Neymiş, Süleyman Soylu’nun suçlularla pozu çıkmış…

          On binlerce insanı öldürmüş ve öldürmeye devam eden terör örgütünün siyasi taşeronlarıyla fingirdeşenler söylüyor bunu…

Süleyman Soylu’nun uyuşturucu satan ve kullananlarla pozu çıkmış…

Kemal Kılıçdaroğlu’nun, Meral Akşener’in, Mansur Yavaş’ın ya da diğerlerinin çıkmadı mı?

          Aile boyu uyuşturucu işiyle anılan, resmi aracında uyuşturucu yakalandığı haberlere konu olan PKK’lı Pervin Buldan, Kemal Kılıçdaroğlu’nun canciğer dostu değil mi?

Kemal Kılıçdaroğlu’nun Suriye’de öldürülen terörist Aziz Güler ile pozu yok mu?

Onun tabutu önünde CHP milletvekillerinin pozu yok mu?

          Bu örnekleri o kadar çoğaltırız ki, CHP-HDP-İP üçlüsü her iddiasının altında kalır.
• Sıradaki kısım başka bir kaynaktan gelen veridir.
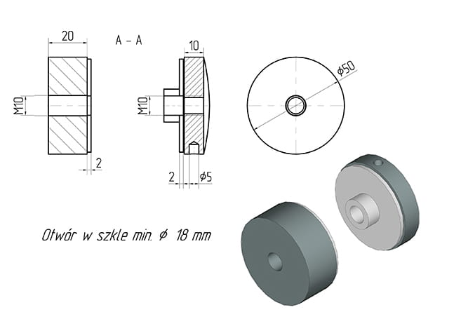 Adaptador de vidrio 50/20mm rosca M10, AISI 304, Pulido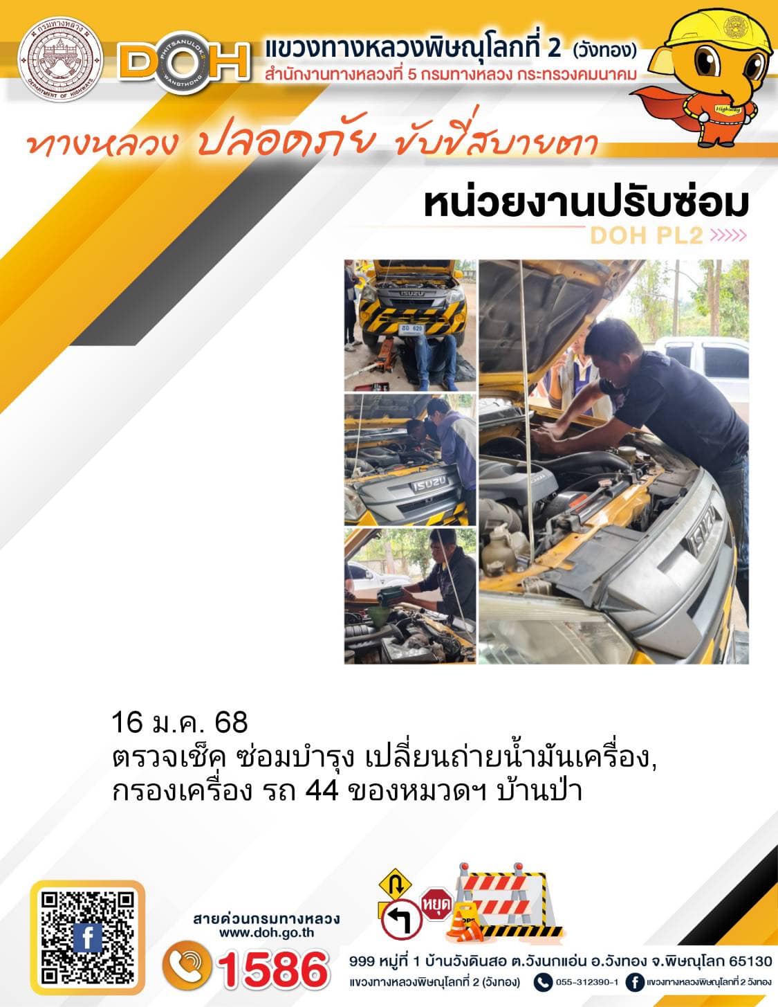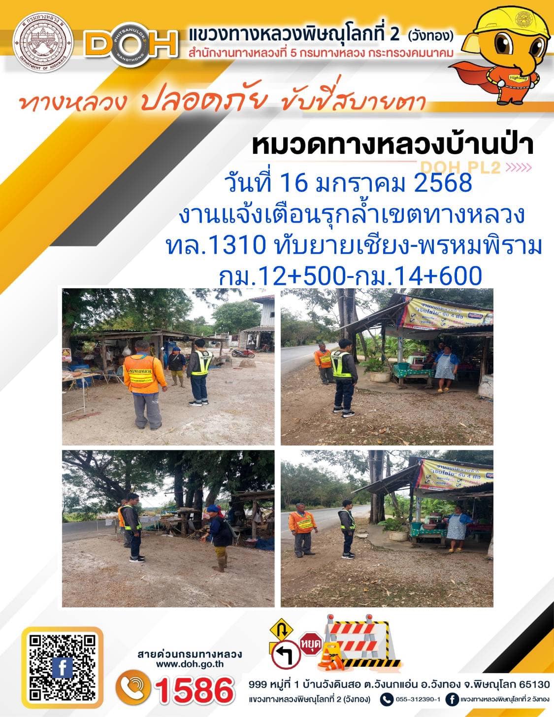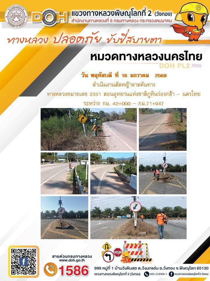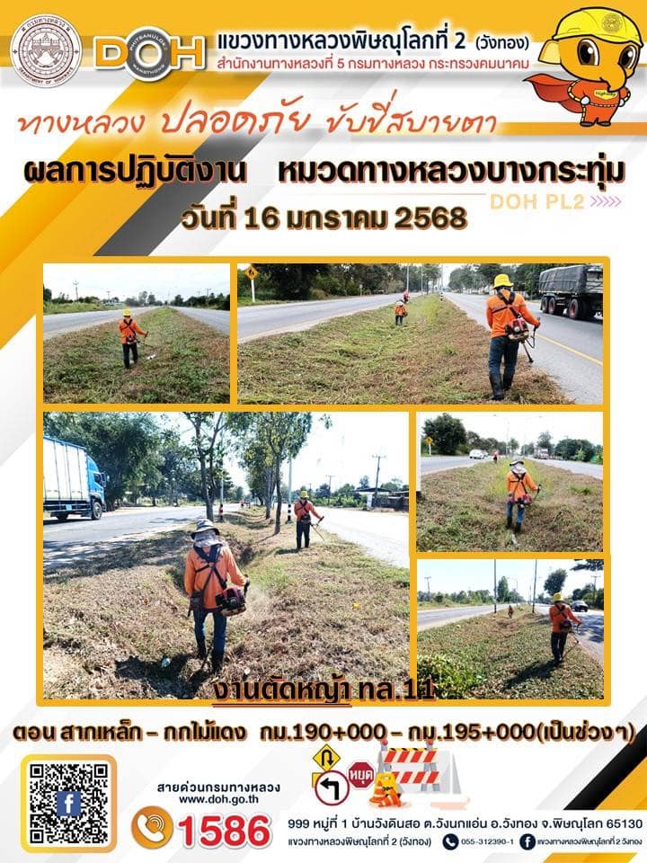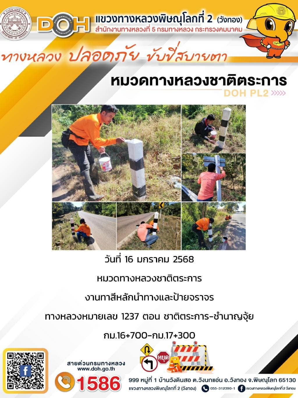 การปฏิบัติงานของ หมวดทางหลวง และ หน่วยงานในสังกัด เพื่ออำนวยความสะดวก และปลอดภัยให้กับประชาชนผู้ใช้เส้นทาง ประจำ วันพฤหัสบดี ที่ 16 มกราคม 2568

Kendileri fotoroman değil, albüm okyanusu olur.

          Terörle, uyuşturucuyla, çetelerle başarılı mücadele grafiği ortada olan Süleyman Soylu’yu Kandil merkezli hedef alıyorlarsa, demek ki en çok darbeyi bunlar yemektedir. Süleyman Soylu’dan Kandil tahriş oluyorsa, HDP’nin ruh sağlığı bozuluyorsa, bu çıldırmışlık, bu kudurmuşluk ancak bununla açıklanabilir.

          CHP-HDP-İP Süleyman Soylu’yu bir konuda eleştirmiyor. Adı geçen her yerde çıldırıyor ve kuduruyorlar.

          Elbette “Süleyman Soylu eleştirilmez” diye bir kanun da yoktur. Ama bunlarınki eleştirmek değil, daha bir başka boyuttadır. Bu da asla gözümüzden kaçmamaktadır.

          Bütçe görüşmelerinde devrimci bozuntularının, komünist artıklarının, Kandil fırlamalarının Süleyman Soylu’ya zaman ayarlı saldırıları, HD(P)KK merkezli canlarının yanmasından kaynaklanmaktadır. Bu durum Süleyman Soylu’nun mücadelesini daha da güçlendirmektedir.

          MHP Lideri Sayın Devlet Bahçeli de Teröriste tek bir şey söylemeyen veya söyleyemeyen CHP’li grup başkan vekilleriyle bazı milletvekillerinin HDP ile el ele tutuşup terörle mücadelede muazzam işler yapan İçişleri Bakanımıza saldırmaları, hükümeti karalamaya çalışmaları siyasi namus ve milli onur yokluğunun apaçık işaretidir. İçişleri Bakanımıza alçak diyen, haksız suçlamalarda bulunan, surda gedik açmak için çırpınan, kale duvarlarını yıkmak için dinamit görevi yapan, PKK/YPG adına saldıran terör sevicilerin topu aşağıların aşağısıdır, alçaktır, namerttir.” Sözleriyle her şeyi özetlemiş, soysuz saldırıları işaretlemiştir.

          Süleyman Soylu meselesine “Kandil niye tahriş oluyor, HDP’nin ruh sağlığı niye bozuluyor?” çerçevesinden bakarsanız mesele daha net anlaşılacaktır. CHP-İP HD(P)KK ortağı olduğu için bakamaz ama sağduyulu herkes böyle bakmalıdır.